Von allem, was fliegen kann…

Posted by admin on Februar 22, 2009 at 23:32 in Allgemein

Er ist fort und es fühlt sich an, als hätte er mein Herz mitgenommen. Nun steh ich hier, herzlos, und sehne mich nach ihm, obwohl ich ihn doch kaum kenne. Wie kann das sein? Noch nie in meinem ganzen Leben war ich so urplötzlich so verknallt wie jetzt. Vor allem habe ich es nicht kommen sehn. Ich habe von diesem Abend nichts erwartet. Weder einen Mann in meinem Bett, noch Herzflattern. Und nun habe ich Beides.

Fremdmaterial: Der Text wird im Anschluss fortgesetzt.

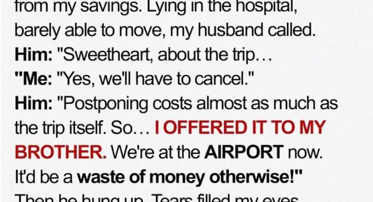 Then came the conversation. One afternoon, his face uncharacteristically grim, he sat on the edge of my hospital bed. “The trip,” he started, his voice a low rumble. “You know, the one we booked for next month. The Caribbean cruise.” My heart sank. Of course, the cruise. We’d planned it for months. A special anniversary. “It’s non-refundable,” he continued, not meeting my eyes. “And… I think I still need to go. I need this break, after everything.”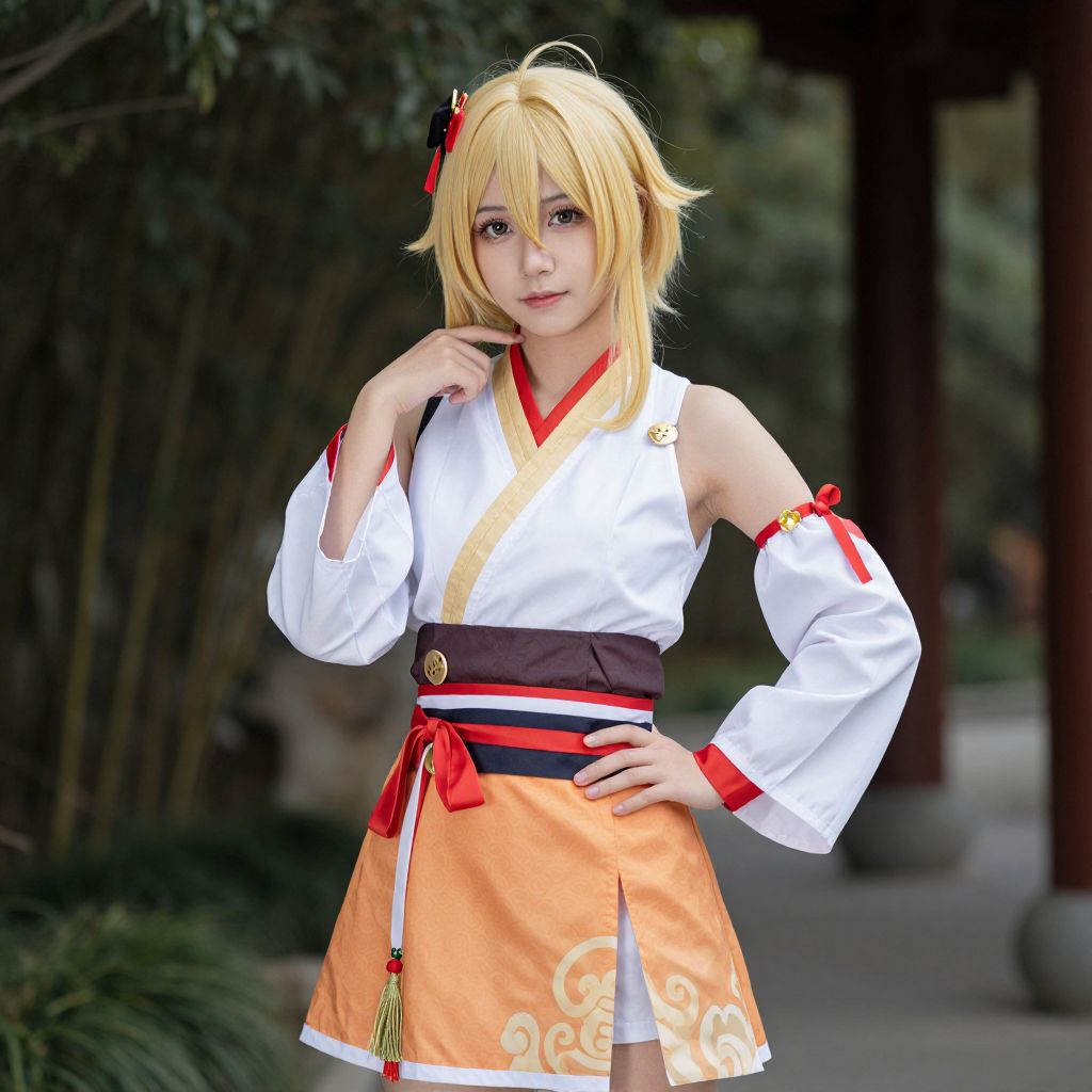 Blonde cosplayer in white and orange Japanese-inspired outfit with red accents, standing outdoors, hand on chin, forest background. Photograph.
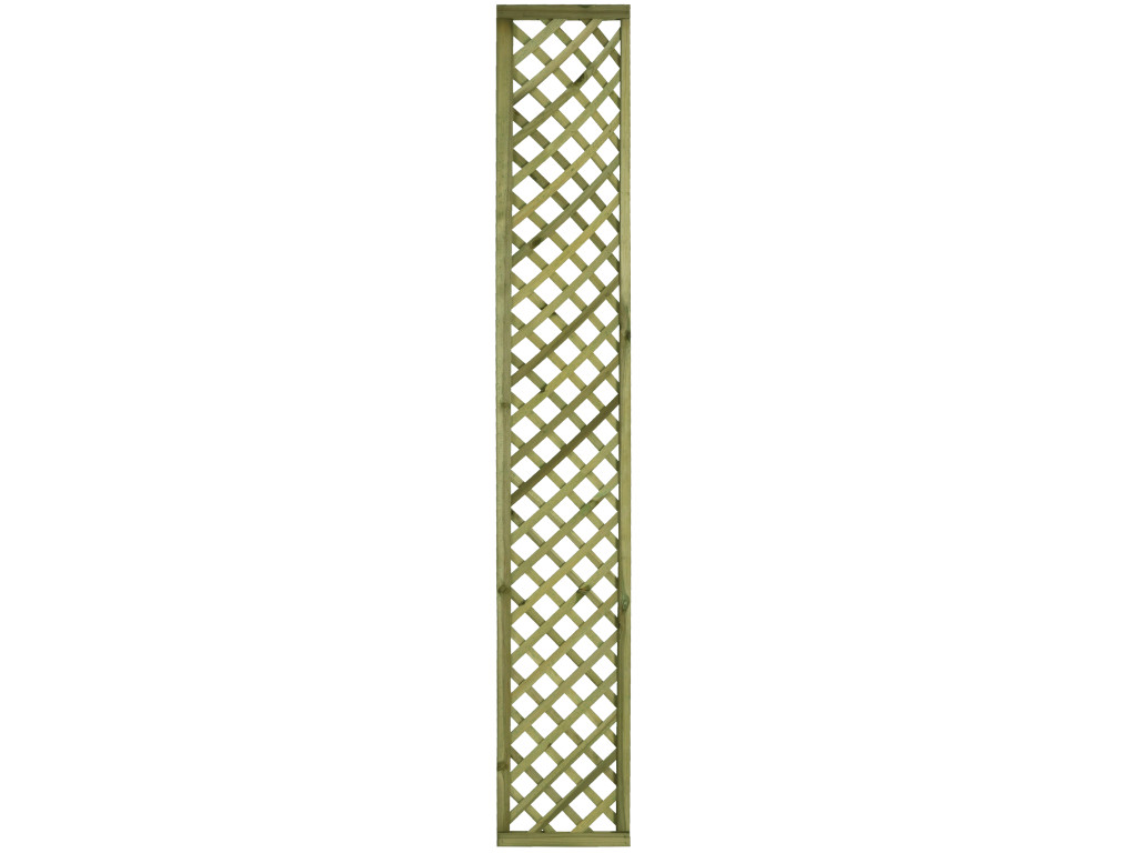 Kratka DIAGONALNA R34 prosta 90×180 stanowi element architektury ogrodowej służący do aranżacji ogrodu, jak również do stworzenia niepowtarzalnego otoczenia wokół domu. Jej połączenie z pnącymi roślinami daje możliwość wykonania wielu pięknych i eleganckich kompozycji. Kratka stanowi również doskonałą podporę dla roślin, wspomagając tym samym ich wzrost. Dzięki niej jesteśmy w stanie samodzielnie wykreować wymarzoną  strefę wypoczynku i relaksu. Ażurowa konstrukcja wraz z roślinami zapewni przyjemny cień oraz kameralne otoczenie, jednocześnie umożliwiając stały dostęp świeżego powietrza. Kratkę można także zamontować na balkonie w celu zachowania większej prywatności, a pnące kwiaty dodatkowo go upiększą. Drewno zostało zaimpregnowane ciśnieniowo, co gwarantuje ochronę  przed działaniem niesprzyjających warunków atmosferycznych, a także przed szkodnikami i grzybami.  Dodatkowym atutem jest możliwość pomalowania kratki na dowolny kolor.

Er hat mir seine Telefonnummer gegeben, nachdem wir den ganzen Nachmittag in der Küche saßen, selbst dann noch, als die Anderen schon längst weg waren. Wir haben geredet, gelacht, Unmengen von Kaffee getrunken und ebenso große Unmengen von Croissants verdrückt. Er hat mir von sich erzählt, davon, dass er eigentlich studiert, aber die meiste Zeit doch nur arbeitet. Weil er seine Arbeit mag und die finanzielle Freiheit genießt. Dass er kein Fußballfan ist, unter der Dusche singt und Alpträume hat, wenn es ihm schlecht geht. Er hat sich nach mir erkundigt. Was ich tue, wer ich bin. Ich habe ihm davon erzählt, dass ich eigentlich davon träume eine große Künstlerin zu sein, die mit gigantischen Farbexplosionen Werke zaubert. Dass ich aber, a) weil mir das Talent fehlt und b) selbst, wenn ich das Talent hätte, es gar nicht erst versuchen würde, weil ich viel zu realistisch und feige bin, um mich dieser höchstwahrscheinlich brotlosen Kunst zu widmen. Ich habe ihm erzählt, dass ich nach wie vor gern durch Pfützen springe (obwohl ich kein kleines Kind mehr bin und keine

Gummistiefel mehr trage, was ich vielleicht besser tun sollte), dass ich meine Pommes bei MacDonald in den Milchshake tunke und manchmal bete, obwohl ich gar nicht an Gott glaube. Diese Sachen erzähle ich normalerweise nicht, wenn ich jemanden gerade erst kennen lerne. Aber diesmal war es anders. Die Zeit verflog. Stunden wurden zu Minuten, während ich mich an die Zeiger hängen wollte, damit sie anhalten und uns da lassen, wo wir waren. In der Küche. Er direkt neben mir. Mit seinem Lächeln, seinem Geruch, seinen Charme. Er hat mich jedesmal verzaubert, wenn ich, nachdem ich kurz meinen Blick abgewendet habe, weil es mich sonst hypnotisiert hätte, wieder in seine Augen blickte. Ich hatte nicht nur Schmetterlinge im Bauch. Nein ich hatte alles: Schmetterlinge, Vögel, Marienchenkäfer … alles was fliegen konnte, flatterte in meinem Bauch herum.

Und es flattert noch immer… es mag gar nicht mehr aufhören. Ich liege in meinem Bett und überlege, ob es ihm genau so geht.